Korundi Cluster RETIRED!

9.4.2010: Instructions for running parallel jobs can be found here.

4.8.2014: Korundi is now (well, already in spring 2014) updated to
Scientifc Linux and the batch job system has changed from SGE to SLURM.

1.1.2017: Korundi is retired.

Introduction

korundi.grid.helsinki.fi is a 400-core (50-node) Linux cluster owned and operated jointly by the Department of Physics, Department of Chemistry and Helsinki Institute of Physics. It is intended for computational research of the mentioned institutes.

The cluster environment is similar to that of the alcyone cluster. If you have run jobs on alcyone all you have to change in your run script is the queue name (or more precisely: resource requirements of the run). The instructions how to see what queues are available can be found alcyone web page.
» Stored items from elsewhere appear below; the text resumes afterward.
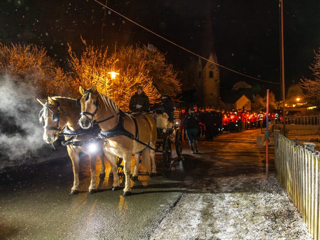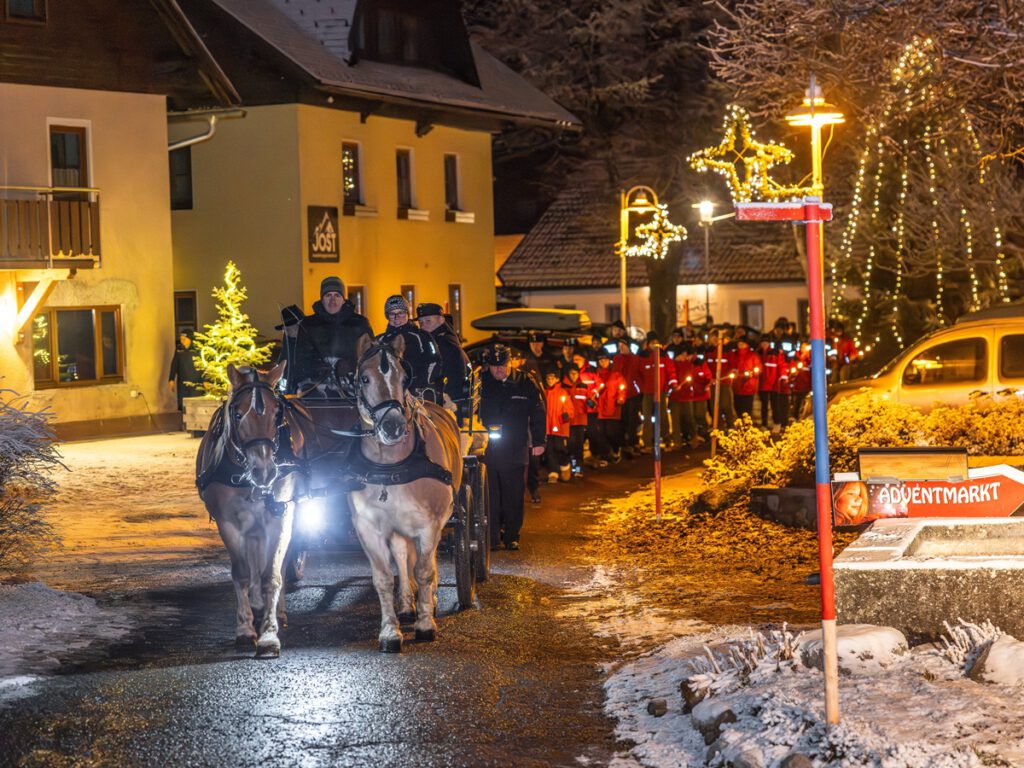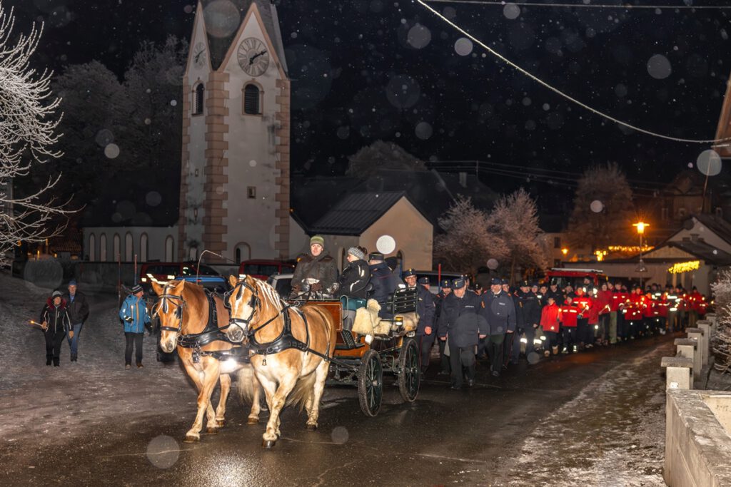 Mit einem stimmungsvollen Fackelzug kam das Friedenslicht auf einer Pferdekutsche, gefolgt von Feuerwehrfunktionären und der Feuerwehrjugend des Bezirkes Hermagor, am Adventmarktgelände in Tröpolach an. In weihnachtlichem Ambiente begrüßte der Bezirksjugendbeauftragte Franz Pfaffenberger alle Anwesenden. Bezirksfeuerwehrkurat Andreas Tonka sprach besinnliche Worte zur Weihnachtszeit. Nach den Grußworten von Bürgermeister Leopold Astner und Bezirksfeuerwehrkommandant Herbert Zimmermann konnten die Feuerwehrjugendmitglieder das Friedenslicht aus Bethlehem entgegennehmen, um es im Bezirk Hermagor zu verteilen. Organisiert wurde die Feier von der Freiwilligen Feuerwehr Tröpolach unter Kdt. Gernot Steiner mit Unterstützung der Adventmarktveranstalter. Für den würdigen musikalischen Rahmen sorgte ein Quartett der Trachtenkapelle Wulfenia Tröpolach.
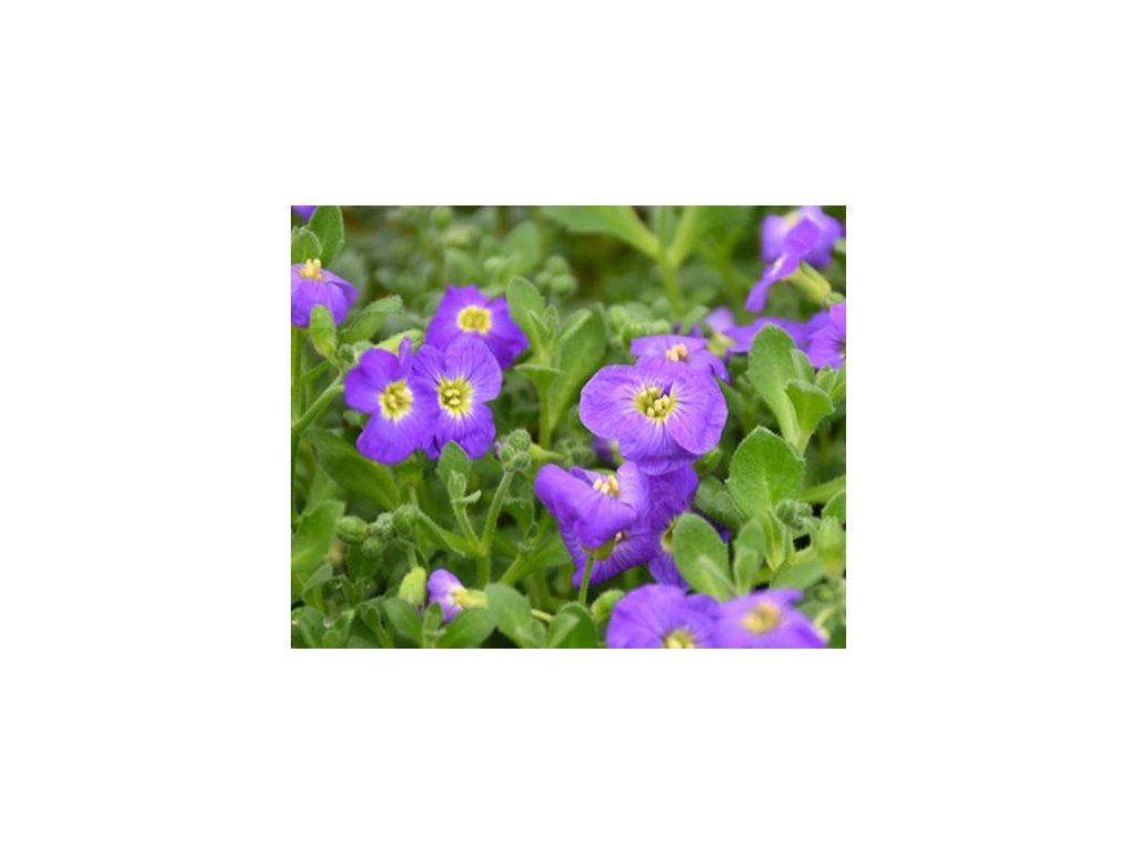 Auba 'Audrey Deep Blue Shades' - eine niedrig wachsende Staude, erreicht eine Höhe von 10 cm. Sie hat eine kompakte Form. Die Blätter sind löffelförmig, zart und frischgrün. Sie blüht im April und Mai, hat schöne violett-blaue Blüten, die etwa 1 cm groß und meist vierzählig sind. Sie bildet luftige und dichte Polster.
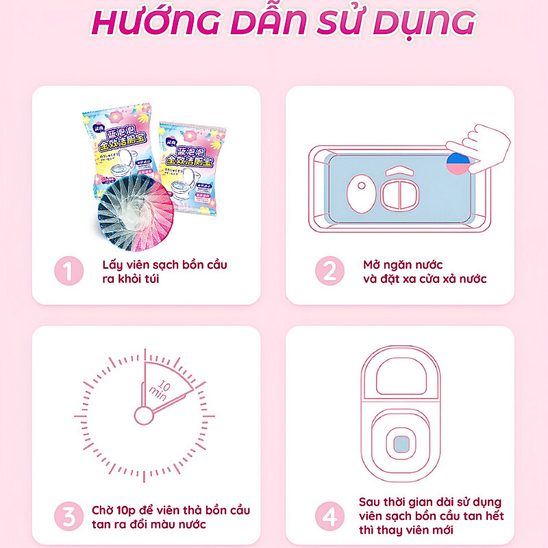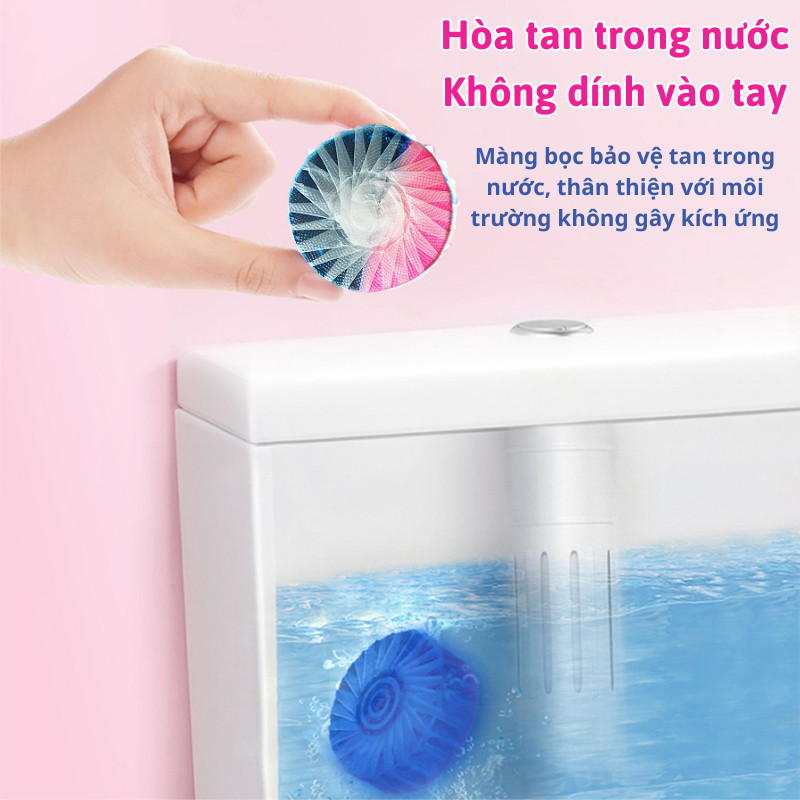 – Viên tẩy bồn cầu có vỏ nilong tự tan trong nước ,sau 10 phút, nước trong bồn sẽ chuyển sang màu xanh nước biển

The cluster environment is built on the Scientifc Linux distribution, which is a Red Hat Enterprise Linux based distribution specialized for cluster installation, configuration, monitoring and maintenance.

Cluster environment

Hardware

  • Front-end node: korundi.grid.helsinki.fi
    • Dell PowerEdge 1950 III server
    • Runs the batch queue system and other services.
    • Fileserver for home directories.
    • The only machine intended for interactive use.
  • Disk server:
    • Dell PowerVault MD3000
    • 8 TB diskspace
  • Computational nodes:
    • To be accessed only trough the batch queue system

    • Batch jobs submitted by the command qsub (see below).

    • A nodes
      • Total number 38
      • Dell PowerEdge 1950 III server
      • Two Intel Xeon X5450 Quad Core CPUs
      • 16 GB memory
      • Two 500 GB 7.2k hotswap SATA disks
    • B nodes
      • Total number 12
      • Dell PowerEdge 2950 III server
      • Two Intel Xeon X5450 Quad Core CPUs
      • 32 GB memory
      • Three 500 GB 7.2k hotswap SATA disks

Account allocation

Accounts are allocated to research scientists who work at the Department of Physics, Department of Chemistry participating labs or HIP and need computer capacity larger than that of a few workstations.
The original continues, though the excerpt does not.